From the time my daughter turned about 1 month old and learned how to hold her head up, she was determined to keep it off of our shoulders. No snuggles or hugs for this baby girl. The second you put her to your shoulder and even suggested a cuddle with a light touch on the head, you could feel the strain of her tiny, yet strong muscles pushing back with all of their might. Knowing she would be my last baby, it made me so sad. But there was nothing that could be done. She knew what she wanted and she did NOT want to snuggle!
By the time she turned about 18 months, we had finally broken her spirit some and she started accepting hugs when hurt, and EVERY once in a while, a snuggle for no other reason but for snuggles sake. But it always had to be on her terms. And I relished every embrace she would offer, for I never knew when the next one would be coming!
Now at 5 years old, she will cuddle a little more often. During a movie on the couch, for a few minutes, I will find myself with a little head on my shoulder. I soak in every second, holding still as to not spook her. No matter what, though, after a few minutes, the restless, independent little girl starts to wiggle free. While my heart breaks a little as she moves a few inches away from me, it is also bursting from even the shortest of cuddles.
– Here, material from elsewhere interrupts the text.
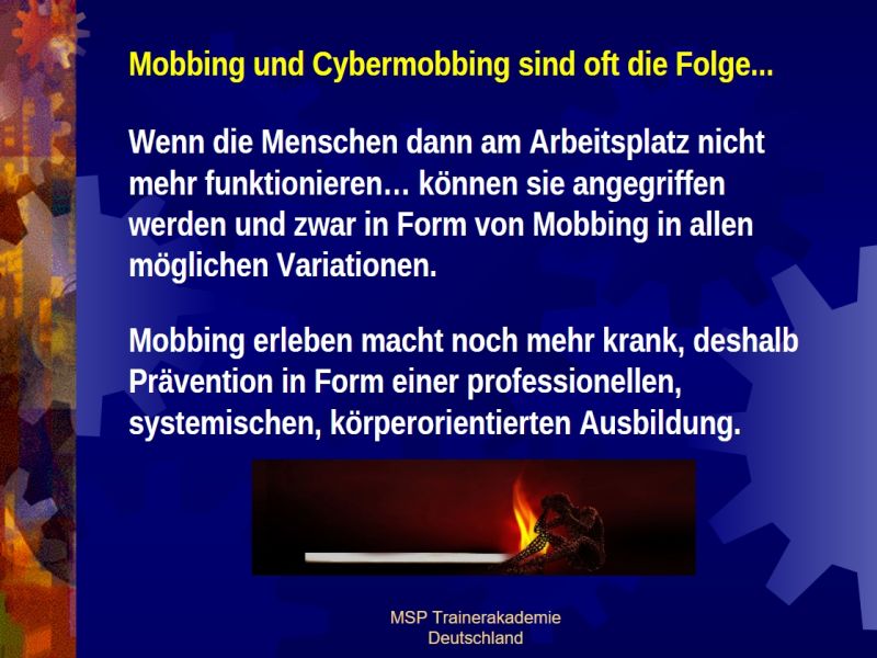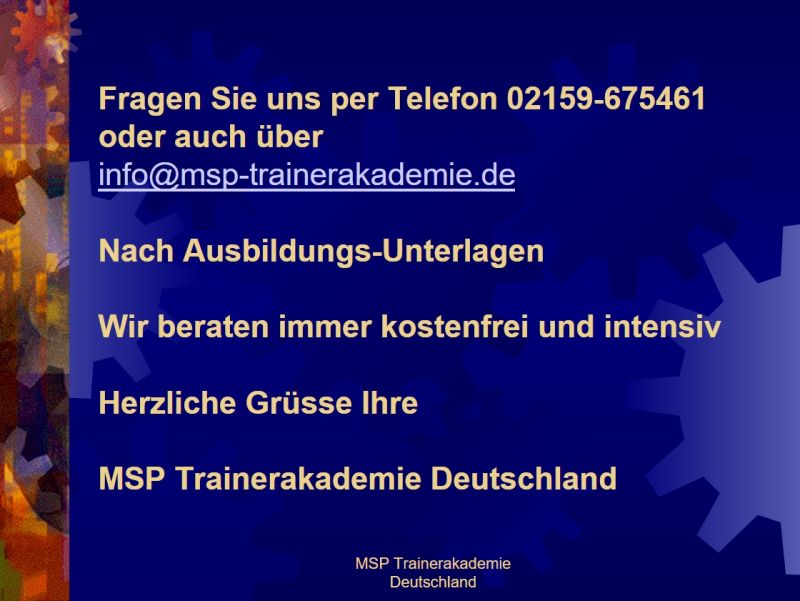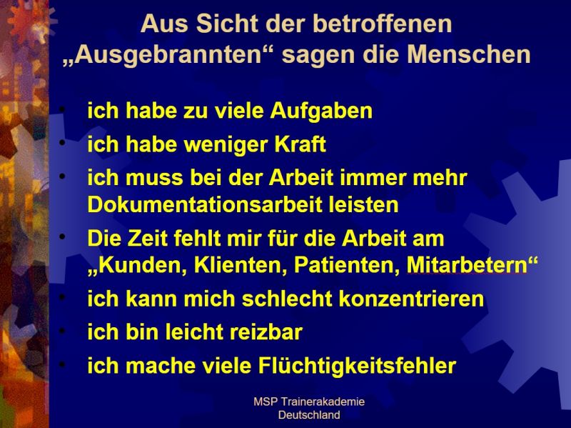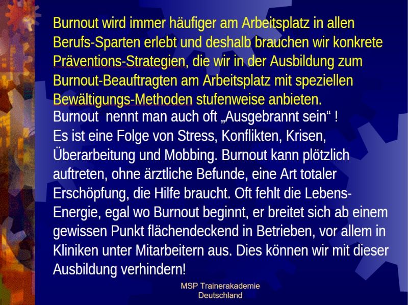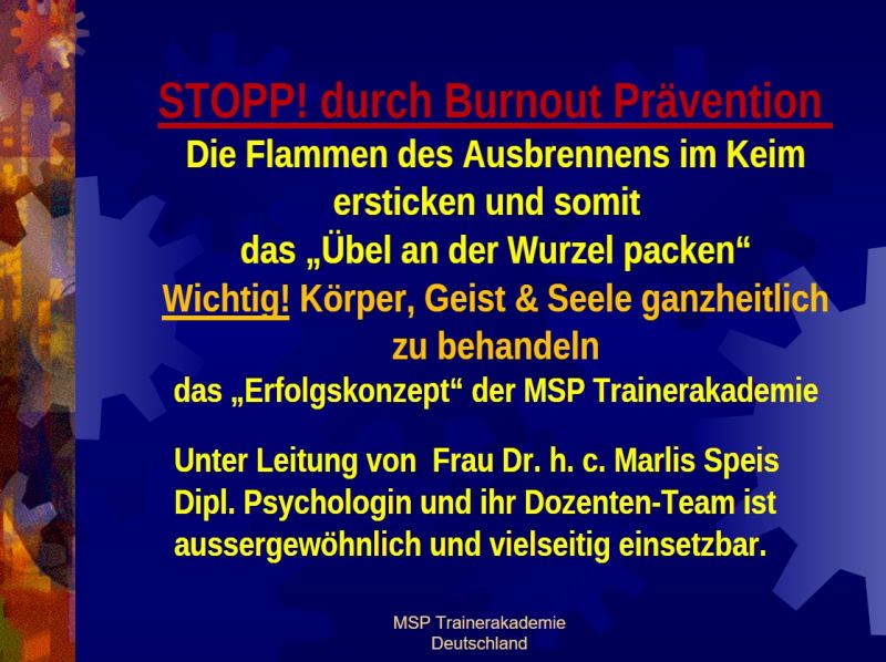 MSP Trainerakademie Deutschland staatlich anerkanntes Institut für Stress-Burnout-Forschung und ganzheitliche Weiterbildung (§ 10 AWBG). Träger nach dem Recht der Arbeitsförderung BRD mit Akkreditierungs-Zulassungsverordnung AZAV MSP Burnoutpsychologische Praxis zur ganzheitlichen, lösungsorientierten, körperorientierten Beratung und Behandlung von Burnout-Patienten

Yesterday, I heard a soft knock on my bedroom door. I open it to find the smallest member of our family standing in front of me…in all her messy, high, dirty blonde pony tail and same nightgown she has worn the last 97 days straight glory. She reaches out for a hug (yes! you read that right! a hug!) and then utters the most amazing words, “Mommy, will you come cuddle with me??” :O After I got up off the floor, I said yes! I’ll be right there! I quickly threw my clothes on and ran to her room as quickly as I could. I had no idea how long this request was good for, and I didn’t want to miss it!
She sees me, rubs her hand on her bed, “I made a spot for you mommy.” Cue tears. I climbed into her bed and squeezed myself into the tiny space she carved out for me. We laid quietly for only a few minutes. But they were the best minutes in the world.